Negli anni passati in carcere mi sono accorto che ognuno mantiene le sue posizioni: l’istituzione e gli operatori nella parte del giusto, della legalità, nella posizione del punire e i detenuti nella posizione dell’illegalità, sì! Ma giustificati da tutta una serie di circostanze che li fanno sentire discolpati per i reati commessi (per chi li ha commessi) e per la vita che facevano. C’è sempre stato un muro.
Col tempo questo muro ha cominciato ad avere delle crepe e, grazie allo studio a cui si sono dedicati molti detenuti ed operatori preparati, questo muro ha iniziato ad essere smantellato. Oggi è un’epoca nuova. Oggi, da parte degli operatori e di una fetta delle istituzioni si è avvertita l’esigenza di ascoltare, di sentire anche le nostre ragioni e anche di capire più approfonditamente le origini della devianza. E da parte nostra è venuta la volontà di metterci in discussione, di esprimerci.

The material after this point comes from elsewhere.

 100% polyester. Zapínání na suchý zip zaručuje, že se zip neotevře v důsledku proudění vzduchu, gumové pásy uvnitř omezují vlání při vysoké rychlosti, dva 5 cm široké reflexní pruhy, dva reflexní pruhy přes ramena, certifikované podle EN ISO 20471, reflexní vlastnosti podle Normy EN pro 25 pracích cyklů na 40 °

Forse, nel mio caso, avrà contribuito pure l’età, sarà stato pure il fatto di aver studiato ed aver avuto la possibilità di maturare una percezione diversa della realtà, ma partecipare a questo corso ha aggiunto qualcosa in più al mio percorso. Mi ha reso più cosciente della tragicità della mia vita, delle nostre vite.

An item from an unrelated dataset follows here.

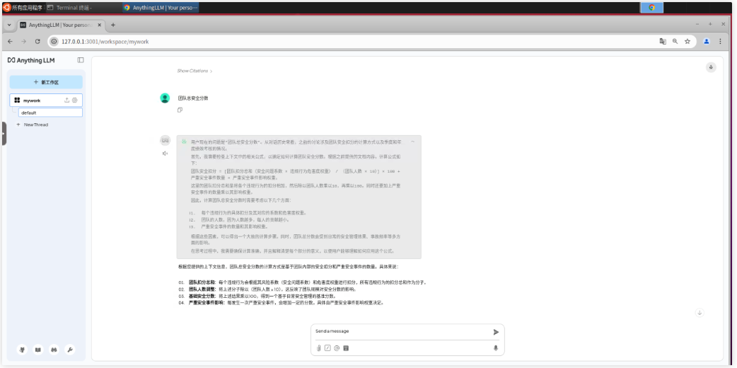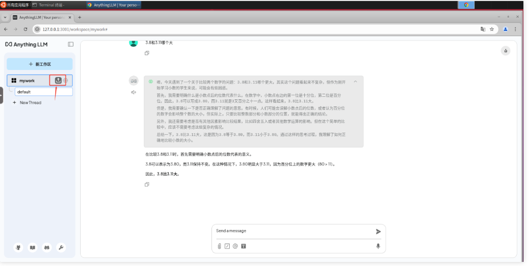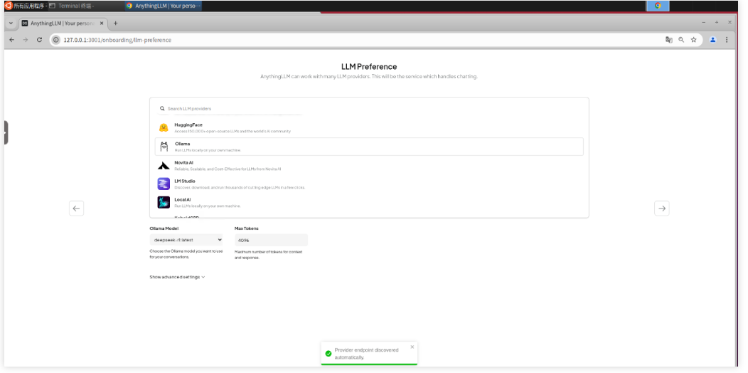 点击启动AnythingLLM图标,自动部署服务,在LLM列表中找到“Ollama”,选中后可看到Ollma Model中默认选择了DeepSeek-R1模型。创建一个工作区,在工作区中即可体验DeepSeek模型,用户可将知识库文档导入AnythingLLM中,完成知识库的查询问答。

E allora vorresti cambiare il corso delle cose, vorresti che i giovani non vivessero la tua esperienza, soprattutto quelli che vivono in contesti simili ai nostri. E allora ti metti in discussione e, con azioni concrete e buoni esempi, cerchi di trasmettere questa consapevolezza, questo tuo percorso, questa tua revisione critica.
Non sempre, però, queste cose bastano e ti rendi conto che da solo non puoi farcela, che hai bisogno degli altri, hai bisogno delle istituzioni. In questo senso il contatto con gli operatori diventa fondamentale. La vita in questo luogo non è facile, soprattutto per chi ha una famiglia fuori.
Ogni giorno è una battaglia, quanti colpi ricevuti. E adesso, con la consapevolezza, fanno ancora più male, eppure ti rialzi e vai avanti. Prendi un altro colpo e provi ancora dolore, ma non ti arrendi perché sai che questa nuova visione è quella giusta. Vai avanti, ma sai che da solo non ce la puoi fare, perché se nessuno ti verrà incontro, se nessuno avrà fiducia in te e riconoscerà il tuo percorso, combatterai contro i mulini a vento.
Tu sei sicuramente cambiato e ce la metti tutta per rendere partecipi gli altri della tua nuova visione e per farlo ci vuole coraggio, ma sai che serve anche il coraggio degli altri».